Product and Services Gross Margins (in thousands, except percentage/point amounts):
The decrease in product gross margin in the first quarter of 2009 as compared to 2008 is primarily due to $4.6 million of costs associated with closing our West Sacramento facility. The remaining margin differential was primarily driven by revenue mix shift to lower margin products and RNA consumables average selling price decline.
The increase in services gross margin in the first quarter of 2009 as compared to 2008 was primarily due to higher revenue and a more favorable mix of programs.
Research and Development Expenses (in thousands, except percentage amounts):
The increase in research and development expenses was primarily due to higher headcount related expenses and increased spending for supplies and outside services.
Our research and development costs have recently increased and we believe a substantial investment in research and development is essential to a long-term sustainable competitive advantage and is critical to expansion into additional markets.
Selling, General and Administrative Expenses (in thousands, except percentage amounts):
The decrease in selling, general and administrative expenses was primarily due to a decrease in variable compensation plus lower stock option based expenses and a decrease in consulting and purchased services.
Acquired-in-process technology (in thousands, except percentage amounts):
During the first quarter of 2008, we recorded a charge of approximately $0.8 million to acquired in-process technology upon the completion of our acquisition of USB Corp. on January 30, 2008. We determined the estimated fair value of certain research and development programs in-process at the acquisition date that had not yet reached technological feasibility and had no alternative future use.
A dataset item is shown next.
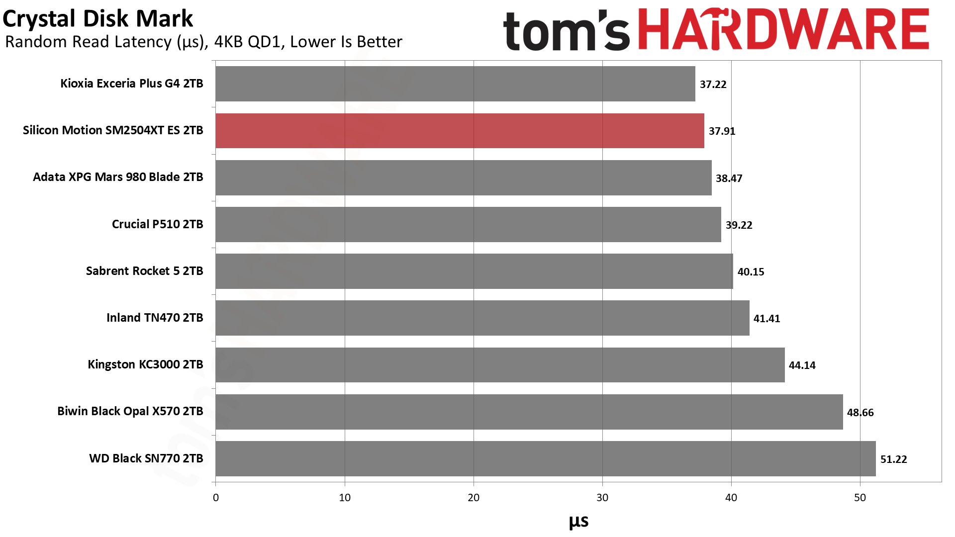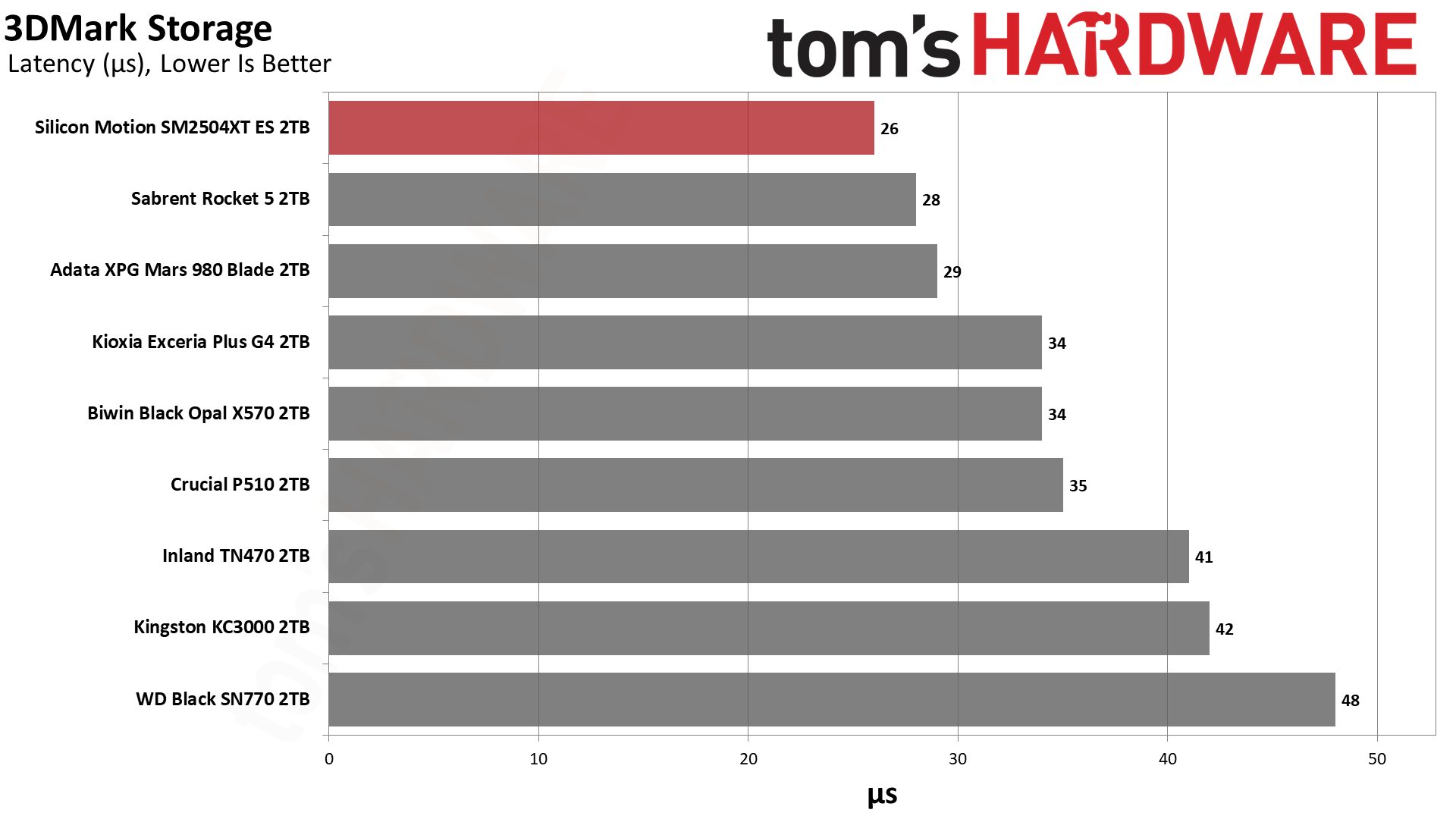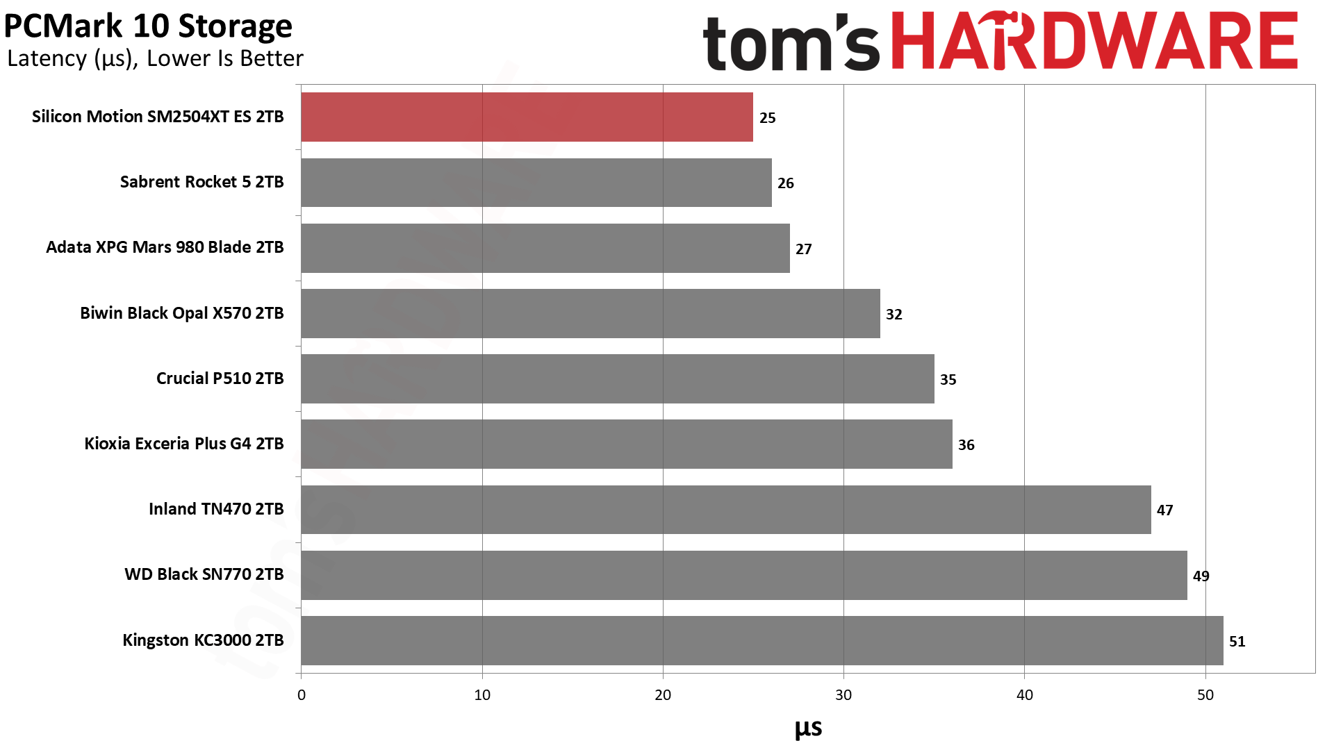 Тем не менее, уместно упомянуть об этом здесь, поскольку одним из преимуществ SN8100 является его фантастически низкая задержка, и SM2504XT, который теоретически не должен конкурировать с флагманами, демонстрирует здесь весьма впечатляющие результаты.

These projects primarily included certain molecular biology projects. The fair values of these projects were determined using the Income Approach whereby we estimated each projects related future net cash flows between 2008 and 2014 and discounted them to their present value using a risk adjusted discount rate of 21%. This discount rate is based on our estimated weighted average cost of capital adjusted upward for the risks associated with the projects acquired.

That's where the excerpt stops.